# What is this?



## Rescuefescue (Apr 29, 2020)

It is lighter green and grows faster than everything else in my yard.


----------



## Harts (May 14, 2018)

Is this growing in clumps?


----------



## Carlson (Apr 16, 2020)

My money is on nutsedge


----------



## Rescuefescue (Apr 29, 2020)

I don't know the terminology but they are growing out of individual thick "stalks" with a bunch of leaf blades coming out from the same stem stalk


----------



## Rescuefescue (Apr 29, 2020)

Upon looking up nutsedge that does appear to be it. Since I'm trying to get a better handle on this neglected lawn would it be best to just roundup the whole area around where this is growing and put new seed down in a couple months when it cools down.


----------



## Carlson (Apr 16, 2020)

You could roundup it - sedgehammer or similar will be more selective for eliminating just nutsedge though.
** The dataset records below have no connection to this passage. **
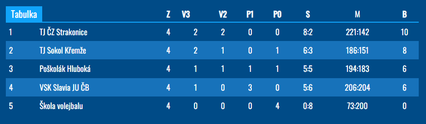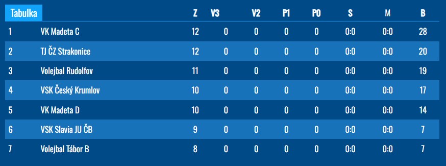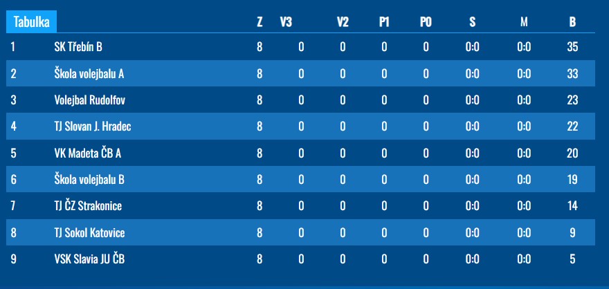 Aktuální tabulka kadetek jihočeské skupiny v roce 2025/2026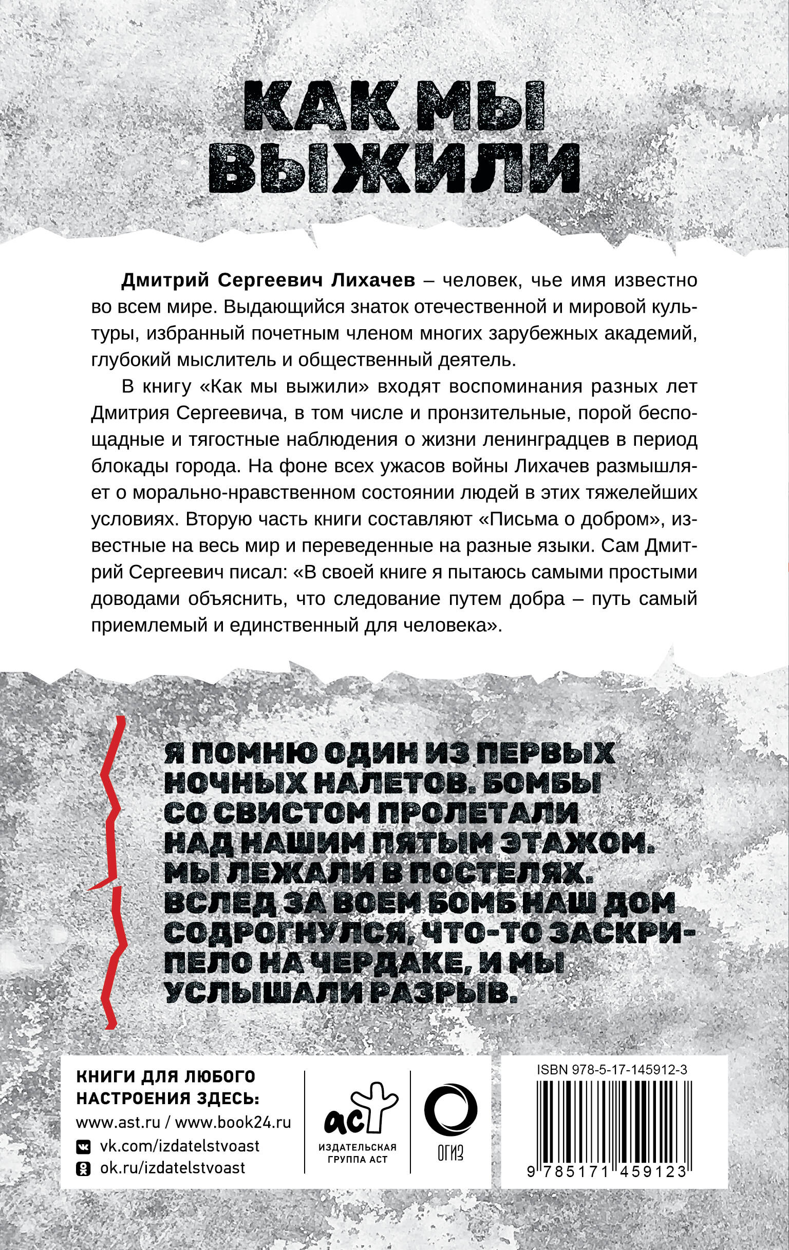 Дмитрий Сергеевич Лихачев - человек, чье имя известно во всем мире. Выдающийся знаток отечественной и мировой культуры, избранный почетным членом многих зарубежных академий, глубокий мыслитель и общественный деятель. В книгу "Как мы выжили" входят воспоминания Дмитрия Сергеевича разных лет, в том числе и пронзительные, порой беспощадные и тягостные наблюдения о жизни ленинградцев в период блокады города. На фоне всех ужасов войны Лихачев размышляет о морально-нравственном состоянии людей в этих тяжелейших условиях.Вторую часть книги составляют "Письма о добром", известные на весь мир и переведенные на разные языки. Сам Дмитрий Сергеевич писал: "В своей книге я пытаюсь самыми простыми доводами объяснить, что следование путем добра - путь самый приемлемый и единственный для человека".| Издательство | ИЗДАТЕЛЬСТВО "АСТ" |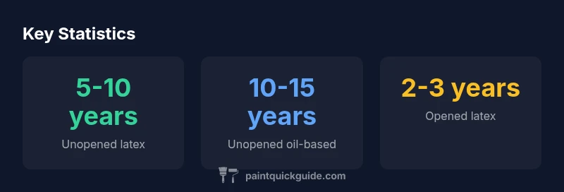 The usable life of paint inside a can depends on formula type, storage conditions, and how often the can is opened. The central question of how long paint last in can can be answered with a few general rules: unopened cans last longer than opened ones, latex and oil-based paints differ in longevity, and temperature, humidity, and exposure to air are the main enemies. According to PaintQuickGuide, the storage environment is often more decisive than the brand. When you store paint in a cool, consistent environment away from direct sunlight, you can expect the can to retain its pigments, binders, and additives for a longer period. The phrase 'how long paint last in can' becomes a practical question of whether you’ll open the can again before it dries, and how you plan to re-mix or apply it after storage. In short, the shelf life of paint is not fixed; it depends on storage and usage habits.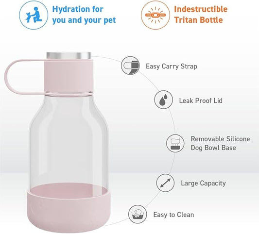 Asobu Buddy Bottle a Stainless Steel Insulated Water Bottle for with Removable Dog Water Bowl and Dog Food and Treat Storage Bowl (Pink, Tritan 50 oz Water Bottle with Bowl)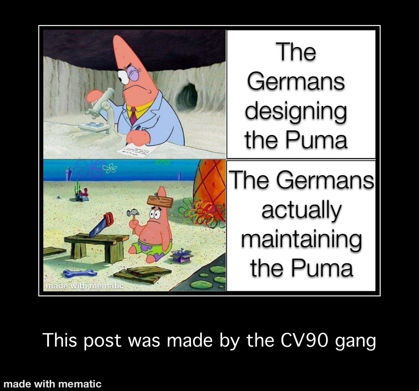 To nejsou, jsou primárně o politice. A jelikož v několika velkých tendrech po celém světě soutěží německé BVP, nicméně Puma to není, tak v politice neúspěch Pumy netkví. Tedy zbývají technické a finanční parametry.
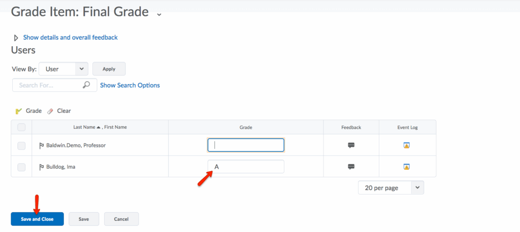 - Enter the letter grades on the Users screen. Click Save and Close when you are finished.
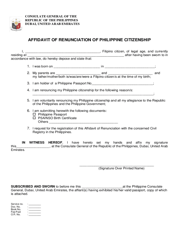 Get the free Affidavit of Renunciation of Philippine Citizenship

How does the lawn look overall?


----------



## Rescuefescue (Apr 29, 2020)

The lawn is rough and I'm in the beginning stages of trying to get a handle on it. Which is why I'm not opposed to roundup but will look into sedgehammer.

My thought is to roundup the whole area this is growing and then in about a month dig up the whole area, dispose of the dirt and backfill with clean topsoil


----------



## Harts (May 14, 2018)

The leaf blades look too thick to be nutsedge. if it's nutsedge, it will have a triangular stem that can be felt in your hands. The stem of the sedge feels like it has 3 sides or 3 points, much like a triangle.

I'm thinking clumping fescue, which is very common. It properly identified, glyphosate will be your only chemical option


----------



## jcs43920 (Jun 3, 2019)

It's Orchard grass. Nutsedge looks similar but is not that wide blades.


----------



## tgreen (Oct 20, 2018)

I would also have said nutsedge 99%. Here's a pic of the triangle that was just mentioned. "sedges have edges" is the saying. If it has this feature/vernation then I think you confirmed nutsedge.


----------



## Rescuefescue (Apr 29, 2020)

Just cut off the bottom right above the roots and see a triangular pattern. This appears to be nutsedge from what I see


----------



## Biggylawns (Jul 8, 2019)

Lighter green and recently popped up...my bet is nutsedge. Every year they go crazy in my neighborhood and every year nobody seems to know what to do; one would think with the internet they could figure it out and spend the 10 bucks to deal with it.  Lady down the street resodded her entire yard because of it. 3 weeks later they were popping through, smh.


----------



## Harts (May 14, 2018)

I stand corrected. Looks like you have nutsedge my friend.


----------



## Rescuefescue (Apr 29, 2020)

Thank you all very much for helping identifying this. Tomorrow I will be stopping by the local hardware store that has a roundup safe for lawns but kills nutsedge and bunch of other weeds and doing a spray treatment tomorrow night.


----------



## TsAcres (Jun 21, 2020)

Look for something with Sulfentrazone, or halosulferon-methyl for your sedge.


----------